OTZ am 06.01.1996
Die Blütezeit der Sommerfrische Gräfenthal
Die verantwortlichen Beamten der Stadtverwaltung und vielen engagierten Vereine, die erstaunlich kooperativ zusammenarbeiteten, ließen sich immer neue Werbeslogans einfallen.
Die in den Jahren 1926 bis 1935 in ganz Deutschland veröffentlichten Offerten und Prospekte preisen besonders die reizvolle natürliche Umwelt Gräfenthals.
Außerordentlich lohnend sind Spaziergänge nach dem Hain, prächtiger Laubwald, dem Kindelberg mit Rondell, dem Spitzberg mit der Rudolfshöhe, dem Winterberg und der Georgshöhe, der Haide mit schönsten Blick auf die Stadt, dem Stachelberg, dem Arnsbachtal mit der Teufelskanzel und anderes mehr.
Die leider immer weniger werdenden aktiven Wanderer unserer Stadt werden sicher der Worten des im 1926er Prospekt zitierten berühmten Thüringer Schriftstellers Trinius zustimmen, die er 1898 fand:
„All diese näheren Berge sind von stillen Waldpfaden durchzogen, kraftvoller Nadel- und Laubwald umrauscht uns überall ; wochenlang kann man hier wandeln, um jeden Tag neue Schönheiten in Ferne und Tiefe zu entdecken.“
Da die Sommerfrischler aber auch gerne in der Stadt verweilen wollen, wurde durch die „Ortsgruppe des Deutschen Turnerbundes Gräfenthal“ Ende der zwanziger Jahre mit dem weiteren Ausbau des Turnergartens eine neue Attraktion für den ständig zunehmenden Fremdenverkehr in der Stadt geschaffen.
In der Zeit der größten Not, den Jahren der Weltwirtschaftskrise 1929 bis 1932, fanden sich viele arbeitslose Turner zusammen
- Gräfenthal hatte über 45 Prozent Arbeitslose!
um den Ringelteich mit Gartenwirtschaft, Gondelbetrieb, Schwimmbad und Tanzveranstaltungen neu zu gestalten.
Die Mitglieder kratzten jeden Pfennig zusammen, um eine „Aktie“ für fünf Reichsmark zu erwerben, dann zur Flächenvergrößerung kaufte der Turnerbund von Brauereibesitzer Tobias Gläser „zu wohlfeilem Preis“ ein Stück Land dazu.
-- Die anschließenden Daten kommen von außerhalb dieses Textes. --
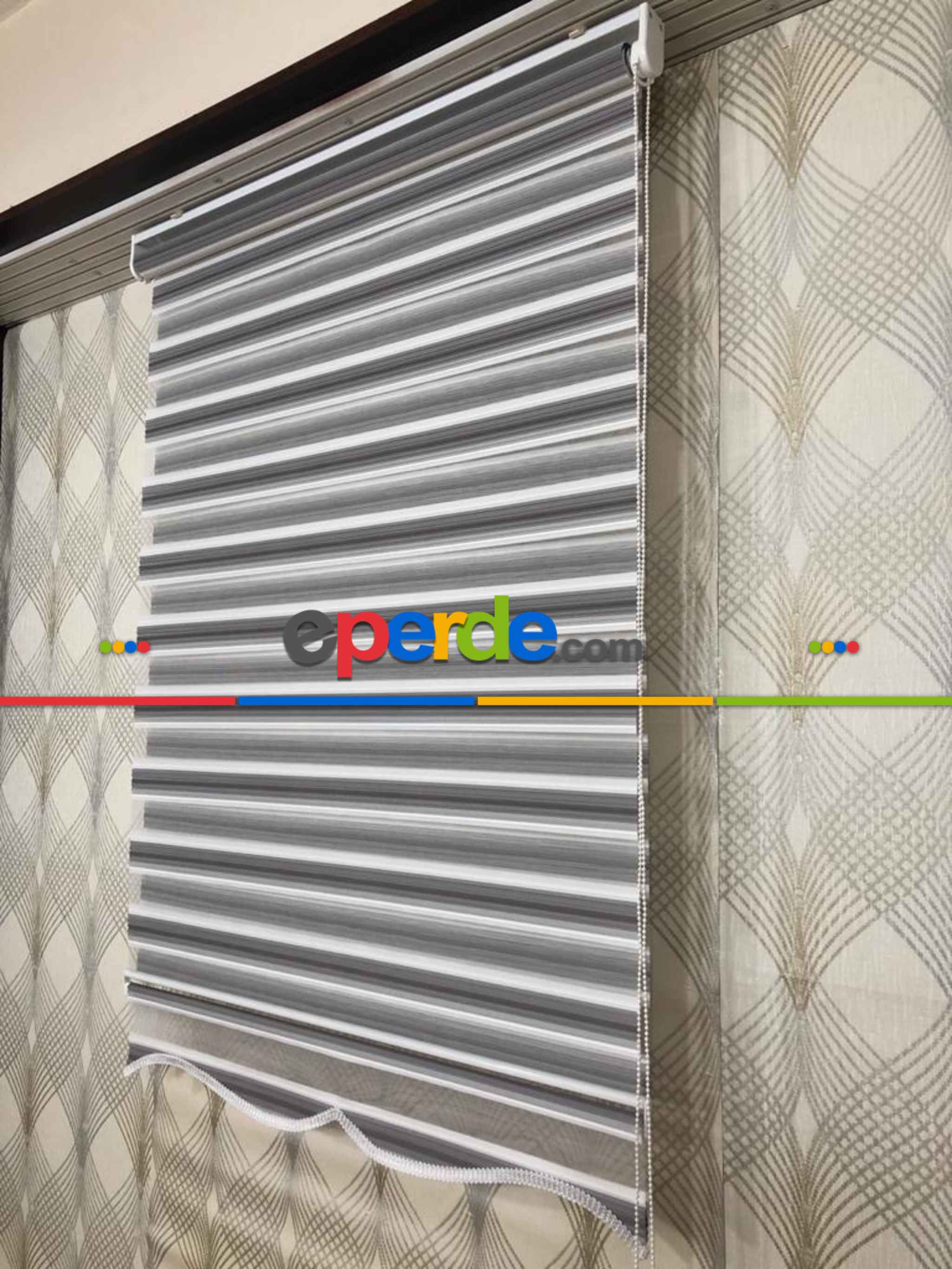Salon Zebra - Jakarlı Zebra Perde Bdz-03- Gri-Füme-Antrasit-Krem Açık Ürün Açıklaması

Damals herrschte in Gräfenthal also gute Zusammenarbeit der Bürger vor, denn man wollte gemeinsam am Aufbau der Sommerfrische Gräfenthal mitwirken.
Vergleicht man schließlich die damaligen vielseitigen Gegebenheiten mit der Gegenwart, dann ist festzustellen, daß einerseits viel Positives hinzu gekommen ist.
Wir verfügen über neue und attraktive Gaststätten, aber Unterkünfte sind zur Zeit nur in der „Oberen Juchhe“ und in drei Privatquartieren gegeben. Andererseits sind alle damaligen Hotels und Pensionen verschwunden.
Im Jahr 1930 war Gräfenthal im näheren Umfeld ohne größere Konkurrenz, heute sind unter anderem mit der Brand- Feriensiedlung, mit Lichte- Geiersthal und Gebersdorf attraktive Unterkünfte und Ferienmöglichkeiten geschaffen, wobei jede gastronomische Entwicklung hart darum kämpfen muß, „über den gegenwärtigen Berg“ zu kommen, so ein Gastwirt.
Die Gräfenthaler sollten sich trotzdem von der Begeisterung und dem Stolz ihres Mitbürgers Ernst Hähnlein inspirieren lassen:
„Und Gräfenthal, die traute Stadt, sie öffnet weit die Pforten: Herbei, herbei, wer Sehnsucht hat, wer arm an Kraft geworden! Drum kommt herbei aus Land und Stadt, ruht aus hier von Beschwerden! Herbei, herbei, wer Sehnsucht hat: hier soll ihm Frieden werden.